Could you print the listing again exactly, omitting the pictures?
═══ MATERIAL PROVIDED ═══
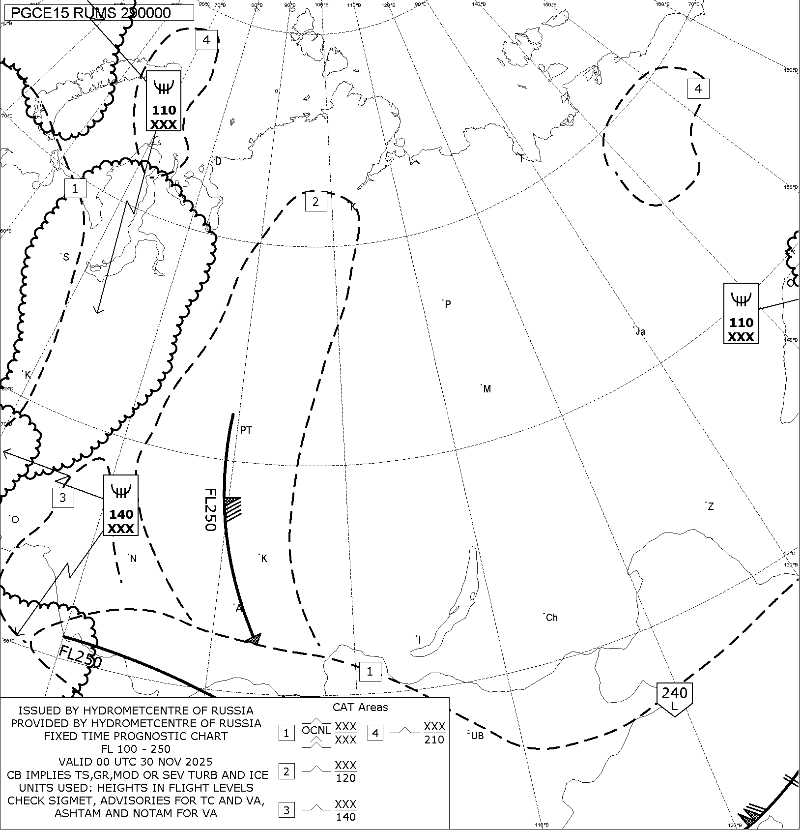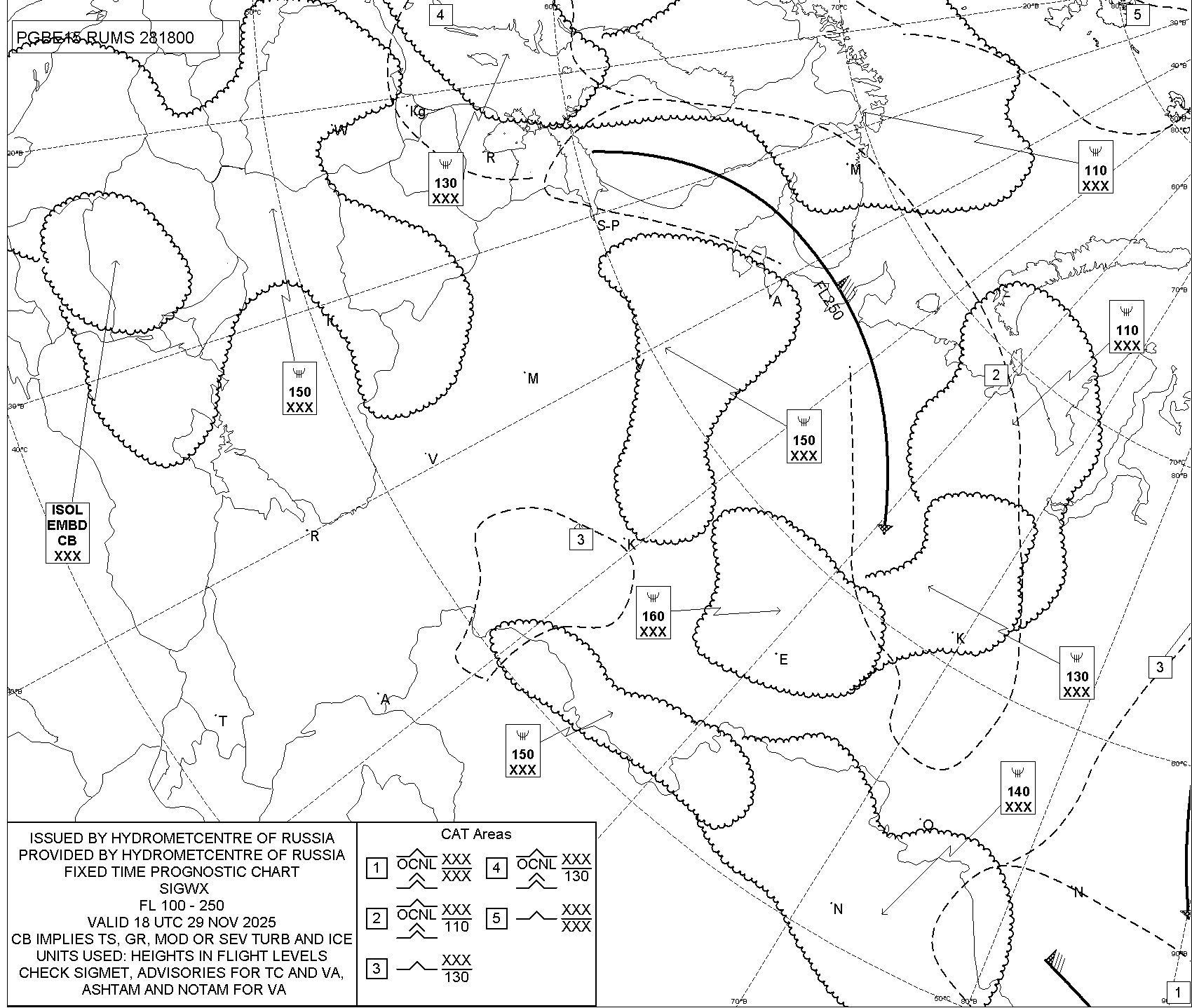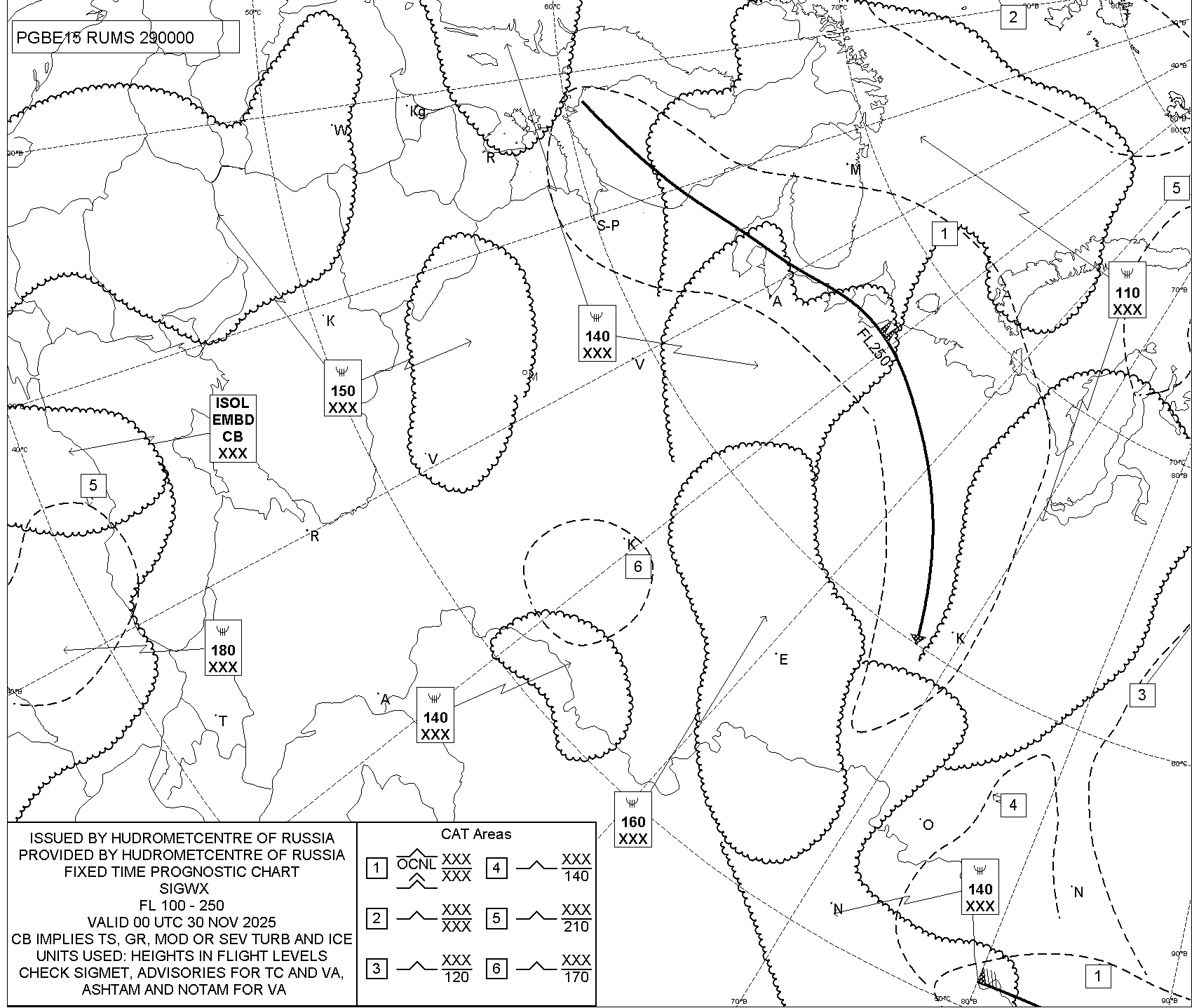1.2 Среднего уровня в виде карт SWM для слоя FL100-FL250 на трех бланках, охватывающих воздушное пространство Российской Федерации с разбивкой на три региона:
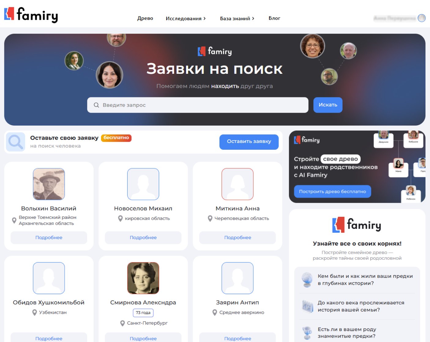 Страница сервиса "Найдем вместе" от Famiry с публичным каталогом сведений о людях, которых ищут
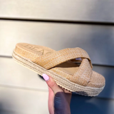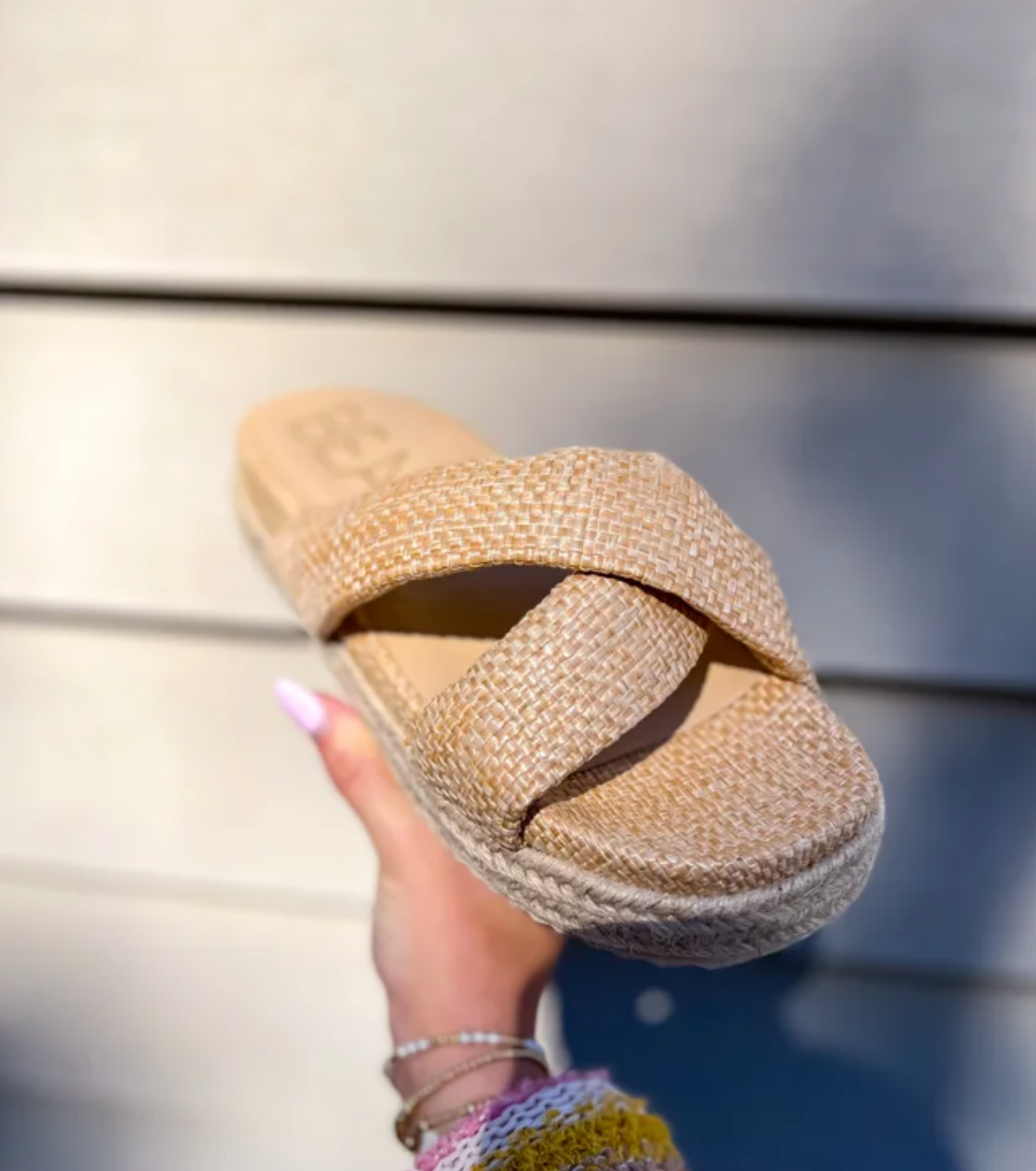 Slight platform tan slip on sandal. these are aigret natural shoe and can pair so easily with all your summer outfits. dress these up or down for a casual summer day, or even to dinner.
═══
__RESPONSE TO THE TASK__:
1.2 Среднего уровня в виде карт SWM для слоя FL100-FL250 на трех бланках, охватывающих воздушное пространство Российской Федерации с разбивкой на три региона:
 Страница сервиса "Найдем вместе" от Famiry с публичным каталогом сведений о людях, которых ищут
 Slight platform tan slip on sandal. these are aigret natural shoe and can pair so easily with all your summer outfits. dress these up or down for a casual summer day, or even to dinner.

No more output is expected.